The FT has reported this morning that:
The pension deficit of FTSE 350 companies fell by a combined £8bn ($11bn) during 2017 thanks to rising markets, but fears over growth combined with the rising cost of retirement benefits mean boards continue to seek ways to offset risk.
That sounds like good news, but don't be deceived:
The combined deficit of FTSE 350 companies with final salary pensions schemes, which pay a guaranteed income for life, fell from £84bn at the end of December 2016 to £76bn at the end of December 2017, according to consultancy Mercer. The value of pension fund assets rose nearly 6 per cent to £781bn at the end of December 2017 because of strong markets for stocks, bonds and other assets.
To put it another way, this is just the measurement of a bubble. The real news was:
However, “liability values” – the amount required to pay retirement benefits – also increased by £36bn over the course of 2017 to £857bn, more than 4 per cent higher than a year previously.
Or, to again out it another way, thing are going to look one heck of a lot worse when the bubble bursts, as surely it will.
This takes me back, however, to the long term issue of pensions. First, let me reiterate that this deficit simply highlights a long term concern of mine, which is that the logic of mass pension saving represents one of the greatest examples of a fallacy of composition that there is. I explain why here. Because it is possible for an individual to save for their retirement does not mean that populations as a whole can.
Second, if this deficit is persistent and ongoing, and it is, whether or not the logic of pension saving is flawed or not there is the most massive fraud by false representation going on here.

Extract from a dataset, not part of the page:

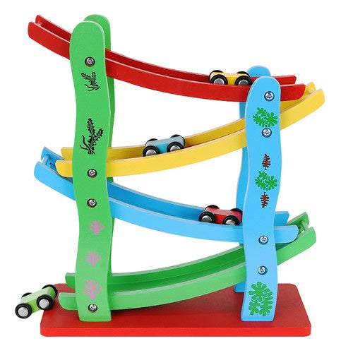 Koka slidkalniņš - mašīnīšu trase, 5 elementi komplektā - rotaļlieta sastāv no 5 elementiem: slidkalniņš ar 4 sliedēm un 4 mašīnītēm (zaļa, zila, sarkana un dzeltena). Viss ir izgatavots no koka un krāsots ar bērniem nekaitīgu krāsu. Tā ir droša un ekoloģiska alternatīva rotaļlietām, kas izgatavotas no plastmasas. Izgatavotas no koka - koka rotaļlietas ir mūžīgs piedāvājums, kas iepriecinās ikvienu mazuli. Koka klasiskais skaistums un izturība nozīmē, ka tas vienmēr ir baudījis lielu atzinību. Šis izejmateriāls labi izskatās gan dabiskajā krāsā, gan krāsots. Drošs veselībai - tā kā slidkalniņš ir izgatavots no koka, tas ir drošs ikvienam bērnam. Dabīgais materiāls nozīmē, ka pat ja bērns paņem rotaļlietu pie mutes, viņš nesaskarsies ar mākslīgiem materiāliem. Tam nav izvirzītu, asu elementu, kas varētu savainot bērnu. Attīstība - koka slidkalniņš lieliski pilda izglītojošo lomu. Tas attīsta sīko motoriku un roku prasmes. Jūsu bērns iemācīsies atpazīt krāsas un skaitīt līdz 4, kā arī uzzinās par cēloņsakarībām, palaižot mašīnītes uz trases. Specifikācija - materiāls: koks; Slidkalniņa izmēri: 24,5 x 10 x 28 cm; komplekta svars: 630 g; svars ar iepakojumu: 790 g. Specifikācija Materiāls: koks Slidkalniņa izmēri: 24,5 x 10 x 28 cm Komplekta svars: 630 g Svars ar iepakojumu: 790 g Iekļauts slidkalniņš 4 vagoniņi Slidkalniņam ar vagoniņām ir 4 līmeņi, un līdz ar to 4 sacīkšu trases, katra citā krāsā. Novietojot vagoniņu uz augstākās trases, bērns var vērot, kā tas nolaižas līdz pašai apakšai. Rotaļlieta ir konstruēta tā, lai bērns varētu vienlaikus palaist 4 transportlīdzekļus vienu pēc otra. Spēles laikā bērns apbrīnos vagoniņu ātrumu un akrobātiku, tiem braucot lejā. Brīdinājuma saturs: - brīdinājums. Nav piemērots bērniem, kas jaunāki par 36 mēnešiem. Sīkas detaļas. Aizrīšanās risks. - Produkti nav piemēroti lietošanai pārtikā. - Nepakļaujiet skarbajiem laikapstākļiem un ugunij. - Lietojiet paredzētajam mērķim. - Neignorējiet ieteikumus attiecībā uz lietotāja vecumu. - Nelietojiet bojātu produktu. - Montāžai nepieciešams pieaugušais. - neglabājiet nesaliktas detaļas vietās, kur tām var piekļūt bērni. - iepakojums nav rotaļlieta. Rotaļlietu jāizsaiņo pieaugušajam, un iepakojums un tā daļas jānoņem bērniem nepieejamā vietā.

Such a fraud is defined as:
(1)A person is in breach of this section if he–
(a)dishonestly makes a false representation, and
(b)intends, by making the representation–
(i)to make a gain for himself or another, or
(ii)to cause loss to another or to expose another to a risk of loss.
(2)A representation is false if–
(a)it is untrue or misleading, and
(b)the person making it knows that it is, or might be, untrue or misleading.
Of course it is not fraudulent to run a pension deficit if you have every intention of clearing it. Persistently running such a deficit without clearing it is however, I suggest, such a fraud. It's saying that you have a liability that you will not take action to settle because it suits your own advantage to use your funds for another purpose. I think that falls fair and square within the spirit of fraud by false representation as defined above.
Third, what then can be done about this? I suggest what is required is obvious. I think a a matter of law any pension deficit must not be considered an unsecured claim on a company (albeit backed by some pension protections). Rather the deficit should become a special form of capital in the company. That capital would have three rights.
The first would be to appoint a majority of the board until the time that the deficit was cleared.
The second would be to take, as a preferred creditor, the entire proceeds of the sale of the company or any of its assets until such time as the deficit was cleared.
The third would be to require that sale if this was the only way in which the deficit could be cleared.
The object is to firstly protect the employees of companies and to secure the contractual promise made to them. The second is to give the most almighty shock to companies that will force them to honour their commitments. The third is to make clear that employees matter more than capital in a business. Because they do.